Department of Nephrology, the Key Laboratory for the Prevention and Treatment of Chronic Kidney Disease of Chongqing, Kidney Center of PLA, Xinqiao Hospital, Army Medical University (Third Military Medical University), Chongqing, 400037, China.
Institute of Combined Injury, State Key Laboratory of Trauma, Burns and Combined Injury, Chongqing Engineering Research Center for Nanomedicine, College of Preventive Medicine, Army Medical University, Chongqing 400038, China.
Theranostics. 2020 Jun 5;10(16):7384-7400. doi: 10.7150/thno.45455. eCollection 2020.

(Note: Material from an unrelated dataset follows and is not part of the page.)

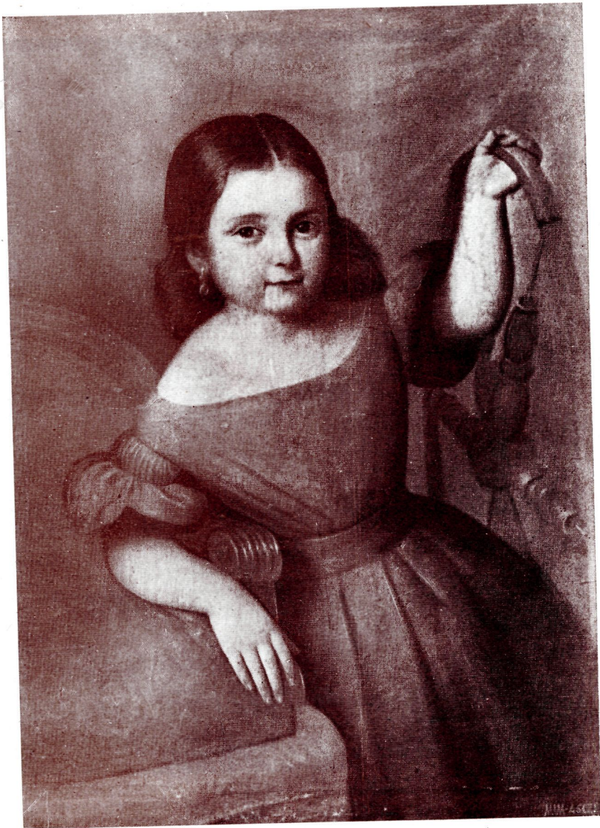
NUM. 28. — Retrato de una niña

The dysfunctional gut-kidney axis forms a vicious circle, which eventually becomes a catalyst for the progression of chronic kidney disease (CKD) and occurrence of related complications. However, the pathogenic factors of CKD-associated intestinal dysfunction and its mechanism remain elusive. We first identified the protein-bound uremic toxin indoxyl sulfate (IS) as a possible contributor to intestinal barrier injury. Transepithelial electrical resistance, permeability assay and transmission electron microscopy were carried out to evaluate the damaging effect of IS on intestinal barrier in intestinal epithelial cells, IS-injected mice and CKD mice. In vitro and in vivo experiments were performed to investigate the role of IS in intestinal barrier injury and the underlying mechanism. Finally, CKD mice treated with AST-120 (an oral adsorbent for IS) and gene knockout mice were used to verify the mechanism and to explore possible interventions for IS-induced intestinal barrier injury. Transepithelial electrical resistance and the expressions of tight junction-related genes were significantly suppressed by IS in intestinal epithelial cells. In vitro experiments demonstrated that IS inhibited the expression of dynamin-related protein 1 (DRP1) and mitophagic flux, whereas DRP1 overexpression attenuated IS-induced mitophagic inhibition and intestinal epithelial cell damage. Furthermore, IS suppressed DRP1 by upregulating the expression of interferon regulatory factor 1 (IRF1), and IRF1 could directly bind to the promoter region of DRP1. Additionally, the decreased expression of DRP1 and autophagosome-encapsulated mitochondria were observed in the intestinal tissues of CKD patients. Administration of AST-120 or genetic knockout of IRF1 attenuated IS-induced DRP1 reduction, mitophagic impairment and intestinal barrier injury in mice. These findings suggest that reducing IS accumulation or targeting the IRF1-DRP1 axis may be a promising therapeutic strategy for alleviating CKD-associated intestinal dysfunction.
功能失调的肠-肾轴形成恶性循环,最终成为慢性肾脏病(CKD)进展和相关并发症发生的催化剂。然而,CKD 相关肠道功能障碍的发病因素及其机制仍不清楚。我们首先鉴定出蛋白结合尿毒症毒素吲哚硫酸酯(IS)可能是导致肠道屏障损伤的因素之一。通过跨上皮电阻、通透性测定和透射电镜观察,评估 IS 对肠道上皮细胞、IS 注射小鼠和 CKD 小鼠肠道屏障的损伤作用。进行体外和体内实验,研究 IS 在肠道屏障损伤中的作用及其潜在机制。最后,使用 AST-120(一种 IS 的口服吸附剂)和基因敲除小鼠处理 CKD 小鼠,以验证机制并探索可能的干预措施来治疗 IS 诱导的肠道屏障损伤。IS 可显著抑制肠道上皮细胞中紧密连接相关基因的表达和跨上皮电阻。体外实验表明,IS 抑制动力相关蛋白 1(DRP1)和噬作用流的表达,而 DRP1 的过表达可减轻 IS 诱导的噬作用抑制和肠道上皮细胞损伤。此外,IS 通过上调干扰素调节因子 1(IRF1)的表达来抑制 DRP1,IRF1 可直接结合 DRP1 的启动子区域。此外,在 CKD 患者的肠道组织中观察到 DRP1 和自噬体包裹的线粒体表达减少。AST-120 给药或 IRF1 基因敲除可减轻 IS 诱导的 DRP1 减少、噬作用障碍和肠道屏障损伤。这些发现表明,减少 IS 积累或靶向 IRF1-DRP1 轴可能是缓解 CKD 相关肠道功能障碍的一种有前途的治疗策略。